If Jimmy thinks Ali is a diplomat, he's a diplomat. I can hear Ali now.

"Bundini, let's write a peom," Ali must have said to his aide, Drew (Bundini) Brown. "Float like a butterfly, sting like a bee, if it's up to Ali them Russians won't take Zimbabwe.'"

Alas. The last time Ali worked in Africa, he won the heavyweight championship a second time, knocking out a George Foreman exhausted by Ali's "rope-a-dope" strategy. This time in Africa there is a new fellow getting whipped.

The president of Tanzania refused to see Ali. Reporters asked the diplomat why African countries should support the U.S. when the U.S. didn't support their 26-country boycott of the 1976 Games. The reporters said the nice Soviet Union is supplying arms to the black nationalists of Africa and the U.S. isn't. What did President Carter's emissary think about that?

Ali went down for an eight-count.

When he staggered to his feet, Ali said maybe he shouldn't have taken this fight. If he'd known all this -- if he'd known about the 1976 boycott and about the Russians and about how Africans don't really like the U.S. -- if he had known these things that entertainers don't need to know to get $40 million, he probably would have turned down the president's request.

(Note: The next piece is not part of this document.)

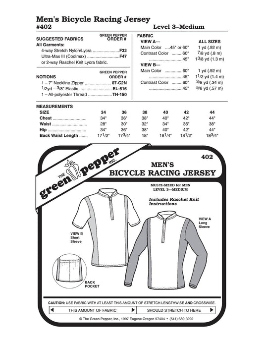 Men’s Bicycle Racing Jersey Pattern - 402 - The Green Pepper Patterns

As far as anyone knows, Ali's campaign against Russia is based on two objections. One, some brain in the State Department probably told Ali that the Soviet Union's invasion of Afghanistan would lead to nuclear war unless Ali went to Nigeria and stopped it.

Ali's other objection to Russia came to light this summer. After a tour to Moscow, where he kissed Brezhnev, as Carter kissed Brezhnev, Ali said he was glad to get home to America because, hey, you can't get a hamburger over there.